TUJUAN PENETAPAN HARGA
a) Meraih Pangsa Pasar
Agar menarik perhatian para konsumen yang menjadi target market atau target pasar maka suatu perusahaan sebaiknya menetapkan harga yang serendah mungkin. Dengan harga turun, maka akan memicu peningkatan permintaan yang juga datang dari market share pesaing atau kompetitor, sehingga ketika pangsa pasar tersebut diperoleh maka harga akan disesuaikan dengan tingkat laba yang diinginkan
b) Mempertahankan Pangsa Pasar
Ketika perusahaan memiliki pasar tersendiri, maka perlu adanya penetapan harga yang tepat agar dapat tetap mempertahankan pangsa pasar yang ada
c) Mempertahankan kualitas pelayanan
Hal yang dilakukan dalam menjaga target pasar dari pesaing bisnis maka perlu sebuah teknik yakni teknik menyesuaikan harga menjadi lebih murah dibandingkan dengan harga pesaing. Karena penurunan harga ini akan membuat konsumen tetap setia dengan produk yang ditawarkan.

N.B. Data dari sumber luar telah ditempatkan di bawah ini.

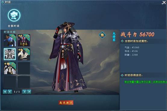 三、每套时装都有单独的属性,面板右侧则会统计全部时装的总属性加成

d) Mendapatkan atau memaksimal keuntungan
Jika suatu perusahaan sudah mencapai tahapan dalam penetepan harga suatu produk maka dalam memperhitungkan tingkat keuntungan yang ingin diperoleh. Dan jika marjin keuntungan yang ingin dicapai akan semakin meningkat maka harga yang akan ditetapkan untuk ditawarkan kepada konsumen pun akan menjadi tinggi.

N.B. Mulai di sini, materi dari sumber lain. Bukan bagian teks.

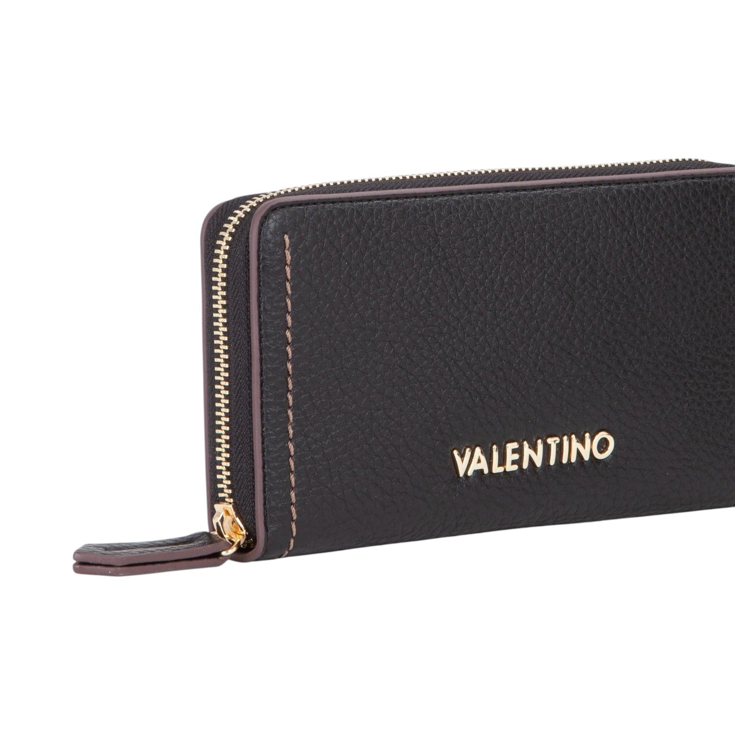Mario Valentino Portafoglio Grande Donna Nero con Cuciture a Contrasto e Zip

e) Return On Investment (ROI) / Pengembalian Modal Usaha
Setiap usaha menginginkan tingkat pengembalian modal yang tinggi. ROI yang tinggi dapat dicapai dengan jalan menaikkan profit margin serta meningkatkan angka penjualan.

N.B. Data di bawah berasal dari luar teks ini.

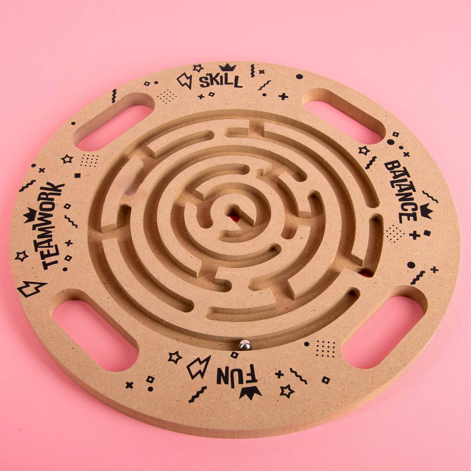 Werken jij en je collega’s goed als team? Dan is eenvoudig te testen met de Teamwork doolhof van hout. Dit grappige doolhof los je niet in je eentje op, maar met behulp van anderen. Je kunt het doolhof met z’n tweeën of vieren vasthouden en zo de stalen bal de juiste kant op sturen. Hilarisch in de koffiepauze en nog grappiger na een paar drankjes op een feestje.

f) Tujuan Stabilisasi Harga
Dalam pasar yang konsumennya sangat sensitif terhadap harga, bila suatu perusahaan menurunkan harganya, maka para pesaingnya harus menurunkan pula harga mereka. Kondisi seperti ini yang mendasari terbentuknya tujuan stabilisasi harga dalam industri-industri tertentu (misalnya minyak bumi). Tujuan stabilisasi dilakukan dengan jalan menetapkan harga untuk mempertahankan hubungan yang stabil antara harga suatu perusahaan dan harga pemimpin industri (industry leader)
g) Menjaga Kelangsungan Hidup Perusahaan
Perusahaan yang baik menetapkan harga dengan memperhitungkan segala kemungkinan agar tetap memiliki dana yang cukup untuk tetap menjalankan aktifitas usaha bisnis yang dijalani.
Faktor-faktor yang Mempengaruhi Penetapan Harga
Te Terrdapat 2 Pertimbangan dalam penentuan harga yaitu pertimbangan subyektif dan objektif yaitu sebagai berikut :
Pertimbangan Subyektif :
a. Faktor secara langsung seperti bahan baku, biaya produksi, biaya pemerintah, biaya pemasaran, dan faktor lainnya yang berhubungan langsung dengan proses produksi dari hulu ke hilir.
b. Faktor tidak langsung seperti harga barang substitusi, barang sejenis yang diproduksi oleh orang lain sangat mempunyai pengaruh terhadap barang yang kita buat, harga produk komplementer, serta potongan untuk para penyalur dan konsumen.
Pertimbangan Objektif :
Faktor-faktor Internal
- Tujuan pemasaran perusahaan, sebagai faktor utama yang menentukan harga adalah tujuan perusahaan itu sendiri misalnya memaksimalkan laba, mempertahankan kelangsungan hidup perusahaan, meraih pangsa pasar yang besar, menciptakan kepemimpinan dalam kualitas, mengatasi persaingan, dan melaksanakan tanggung jawab sosial bagi masyarakat.
- Strategi bauran pemasaran, karena harga merupakan salah satu elemen dalam bauran pemasaran, maka dalam menentukan harga sebaiknya dikoordinasikan lebih lanjut dengan elemen pemasaran lainnya seperti : produk, tempat, promosi, biaya, dan organisasi.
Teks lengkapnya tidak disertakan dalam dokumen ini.